Herb Adams and Tom Nell, working in the Pontiac Advance Engineering Department, developed an almost all-new 455 cubic Pontiac V-8 engine. It retained the same bore centers and dimensions so that it could still be machined on existing equipment in the Pontiac Engine Plant. It used a forged crankshaft in place of the production cast crankshaft, special forged connecting rods and cylinder heads with separate round shaped ports for the exhaust. This engine was proposed for very limited production and to be available as an option in both the A-Car line and the Firebird. The engine was demonstrated at the 1973 model Press Show in the summer of 1972 with it installed in a 1973 Grand Am Coupe. It was the star of the event and was written up that way in all of the auto magazines. Unfortunately, in January, Martin Caserio became Pontiac's new General Manager, moving over from GMC Truck & Bus Division.  When he found out about the Super Duty Engine program and how much it cost to build by hand in the engine plant, he decided that only 1000 engines would be built and only installed in Firebird Formulas and Trans Ams. By the time the engine was tooled and ready for production, it was very late in the spring of 1973.  Only about half of the engines were sold in 1973 Formulas and Trans Ams. The left over engines were then offered for sale in 1974 Formula and Trans Am models. These were by far the strongest running production Pontiac V-8's of all time, even with the low compression ratio required for lower octane regular grade gasoline.

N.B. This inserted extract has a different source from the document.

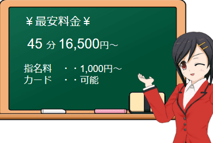 料金 | 45分 1万6千円~ | 40分 1万5千円~ | 30分 3,900円~ | 70分 1万2千円~ | 60分17,000円 | 50分15,000円 | 30分5,000円 |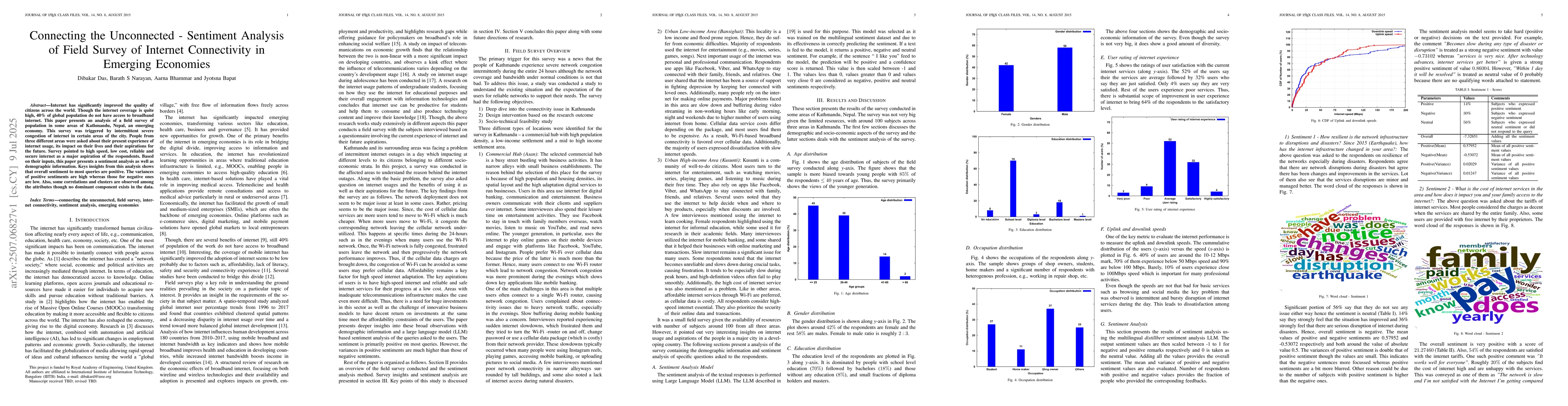 Internet has significantly improved the quality of citizens across the world. Though the internet coverage is quite high, 40% of global population do not have access to broadband internet. This paper presents an analysis of a field survey of population in some areas of Kathmandu, Nepal, an emerging economy. This survey was triggered by intermittent severe congestion of internet in certain areas of the city. People from three different areas were asked about their present experience of internet usage, its impact on their lives and their aspirations for the future. Survey pointed to high speed, low cost, reliable and secure internet as a major aspiration of the respondents. Based on their inputs, this paper presents a sentiment analysis as well as demographic information. Keys insights from this analysis shows that overall sentiment to most queries are positive. The variances of positive sentiments are high whereas those for negative ones are low. Also, some correlations and clusters are observed among the attributes though no dominant component exists in the data.

My oldest son, Doug Goad turned 16 on November 18, 1973. Of course he wanted his own car to drive, so my father had ordered a 1974 Trans Am with a 4-speed manual and the 455 Super Duty engine, white with the big blue "bird" on the hood, blue interior and almost no other options (no air conditioning). It was as light and fast as one could be built. When it arrived at Pontiac as a company car, it was assigned to me to put the minimum miles on it before my father could buy it as a used car. He drove it to high school, then to college at the University of Illinois, then later at Western Michigan. He also used it in all types of car related sporting events. He still owns the car today and it his prized possession parked in his garage. It is still white with the blue interior, blue decals, and honeycomb wheels. The latter have been replaced with aluminum 8-inch snowflake wheels.



For the 1976 Chicago Auto Show, a special Trans Am was assembled with gold stripping and Hurst installed T-tops. This was the "Limited Edition" model, which included gold honeycomb wheels, gold interior accents and a super sized "chicken" hood decal. It commemorated Pontiac's 50th anniversary. 2,590 were built and sold.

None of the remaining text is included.